DESCRIPTION OF THE TASK | Without copying any picture, transcribe exactly the lines of the data below from the one containing "论文实现了一个CGD框架,组合多个全局描述符(SPoC / MAC" through the one containing "Kolorowy dmuchany samochód".

Segment Start: DATA RECORDS

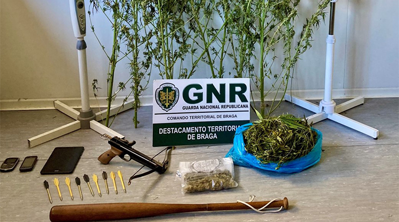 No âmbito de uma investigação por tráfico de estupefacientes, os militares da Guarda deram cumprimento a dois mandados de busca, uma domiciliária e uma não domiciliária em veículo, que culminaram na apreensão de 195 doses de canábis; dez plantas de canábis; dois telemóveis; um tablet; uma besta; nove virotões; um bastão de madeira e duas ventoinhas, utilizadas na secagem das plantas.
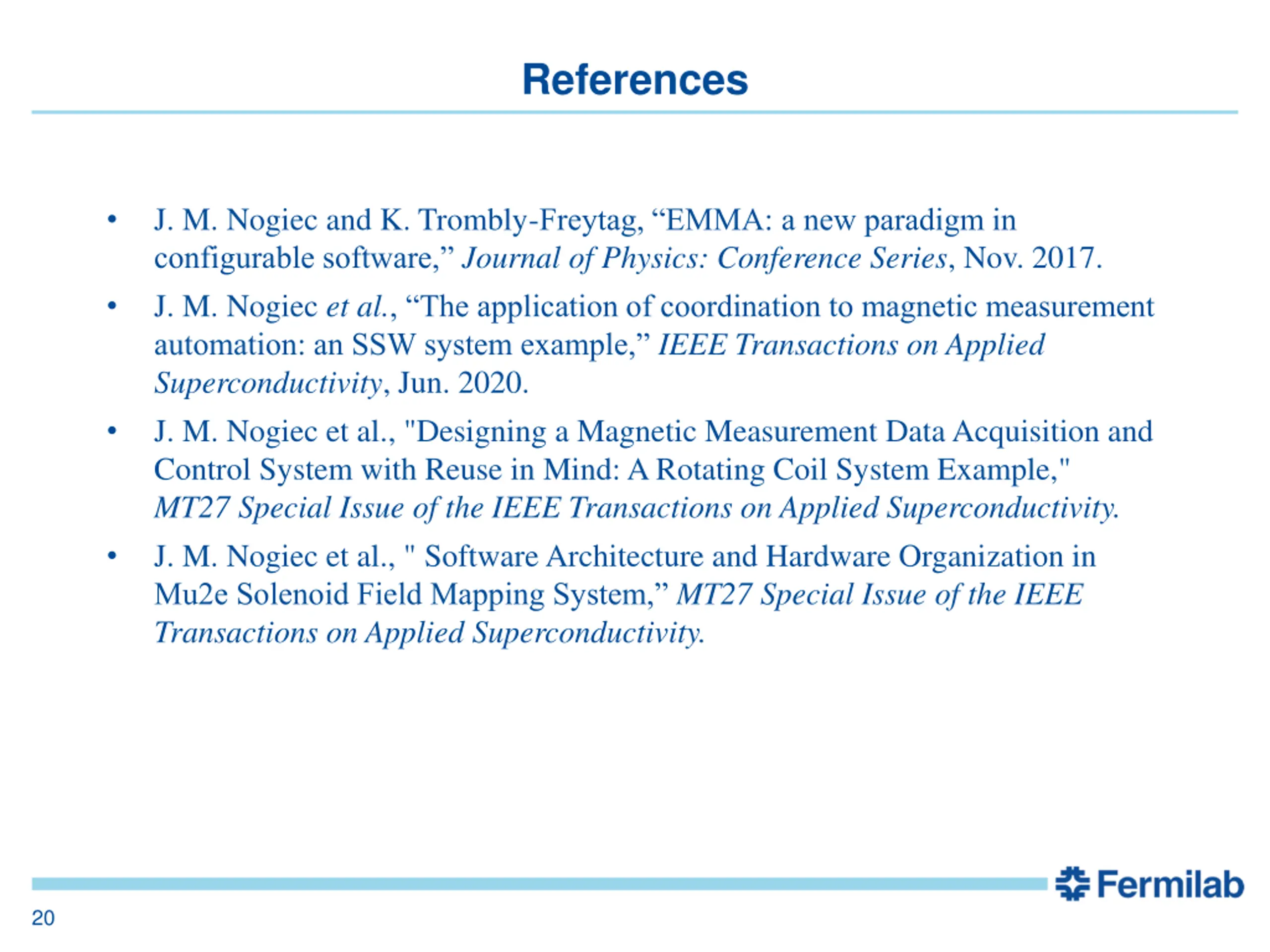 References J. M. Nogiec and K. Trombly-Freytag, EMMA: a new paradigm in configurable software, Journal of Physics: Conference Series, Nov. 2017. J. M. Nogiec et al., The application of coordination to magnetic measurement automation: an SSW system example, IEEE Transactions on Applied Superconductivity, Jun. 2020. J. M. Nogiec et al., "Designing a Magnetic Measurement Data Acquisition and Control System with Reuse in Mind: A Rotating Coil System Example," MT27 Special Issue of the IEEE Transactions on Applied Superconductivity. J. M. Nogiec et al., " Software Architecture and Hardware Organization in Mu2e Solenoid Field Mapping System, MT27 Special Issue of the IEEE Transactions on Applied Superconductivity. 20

Segment End: DATA RECORDS
Segment Start: DATA RECORDS

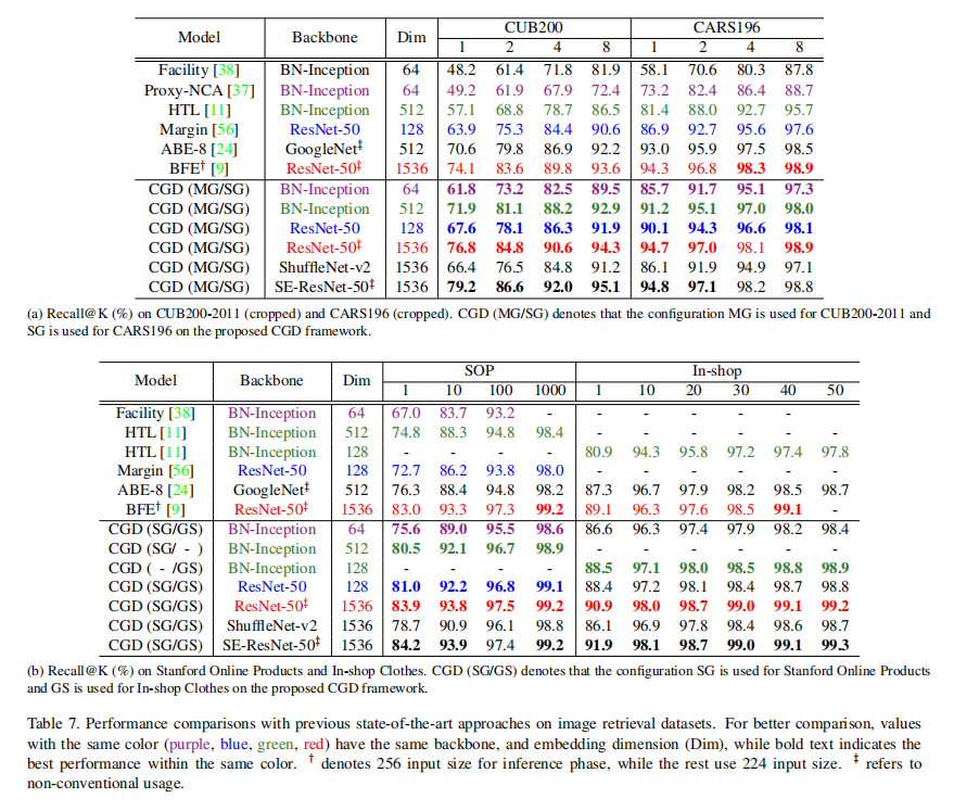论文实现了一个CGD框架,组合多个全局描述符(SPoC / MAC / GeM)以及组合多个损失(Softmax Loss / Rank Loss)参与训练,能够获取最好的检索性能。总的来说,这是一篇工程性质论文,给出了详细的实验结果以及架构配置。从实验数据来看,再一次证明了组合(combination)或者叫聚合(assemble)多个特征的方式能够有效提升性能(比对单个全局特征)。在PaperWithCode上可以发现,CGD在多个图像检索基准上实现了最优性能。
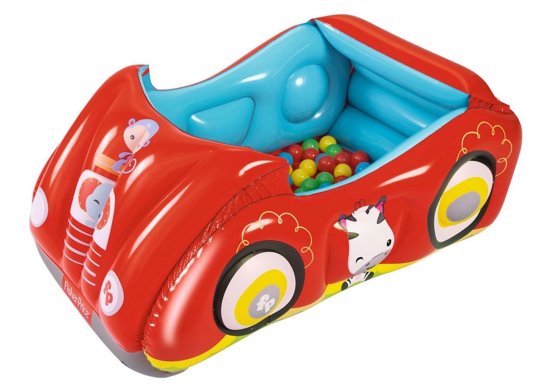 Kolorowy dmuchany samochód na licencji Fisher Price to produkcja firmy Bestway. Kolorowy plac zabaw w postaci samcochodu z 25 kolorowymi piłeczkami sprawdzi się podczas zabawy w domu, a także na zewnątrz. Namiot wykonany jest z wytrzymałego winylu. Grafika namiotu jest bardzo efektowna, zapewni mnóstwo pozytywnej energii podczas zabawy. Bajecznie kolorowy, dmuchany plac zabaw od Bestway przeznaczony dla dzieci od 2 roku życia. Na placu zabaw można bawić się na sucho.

Segment End: DATA RECORDS
Segment Start: DATA RECORDS

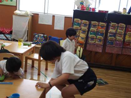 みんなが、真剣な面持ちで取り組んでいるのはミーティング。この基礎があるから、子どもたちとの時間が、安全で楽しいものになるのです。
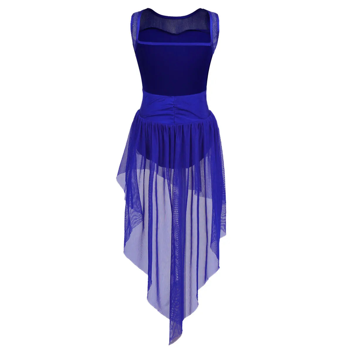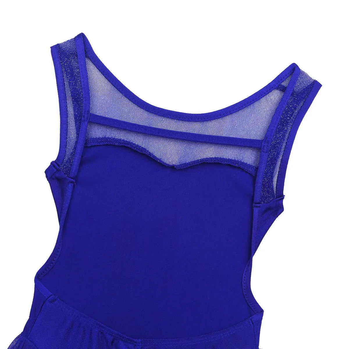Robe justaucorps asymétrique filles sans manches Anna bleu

Segment End: DATA RECORDS

TASK ANSWER |
论文实现了一个CGD框架,组合多个全局描述符(SPoC / MAC / GeM)以及组合多个损失(Softmax Loss / Rank Loss)参与训练,能够获取最好的检索性能。总的来说,这是一篇工程性质论文,给出了详细的实验结果以及架构配置。从实验数据来看,再一次证明了组合(combination)或者叫聚合(assemble)多个特征的方式能够有效提升性能(比对单个全局特征)。在PaperWithCode上可以发现,CGD在多个图像检索基准上实现了最优性能。
 Kolorowy dmuchany samochód na licencji Fisher Price to produkcja firmy Bestway. Kolorowy plac zabaw w postaci samcochodu z 25 kolorowymi piłeczkami sprawdzi się podczas zabawy w domu, a także na zewnątrz. Namiot wykonany jest z wytrzymałego winylu. Grafika namiotu jest bardzo efektowna, zapewni mnóstwo pozytywnej energii podczas zabawy. Bajecznie kolorowy, dmuchany plac zabaw od Bestway przeznaczony dla dzieci od 2 roku życia. Na placu zabaw można bawić się na sucho.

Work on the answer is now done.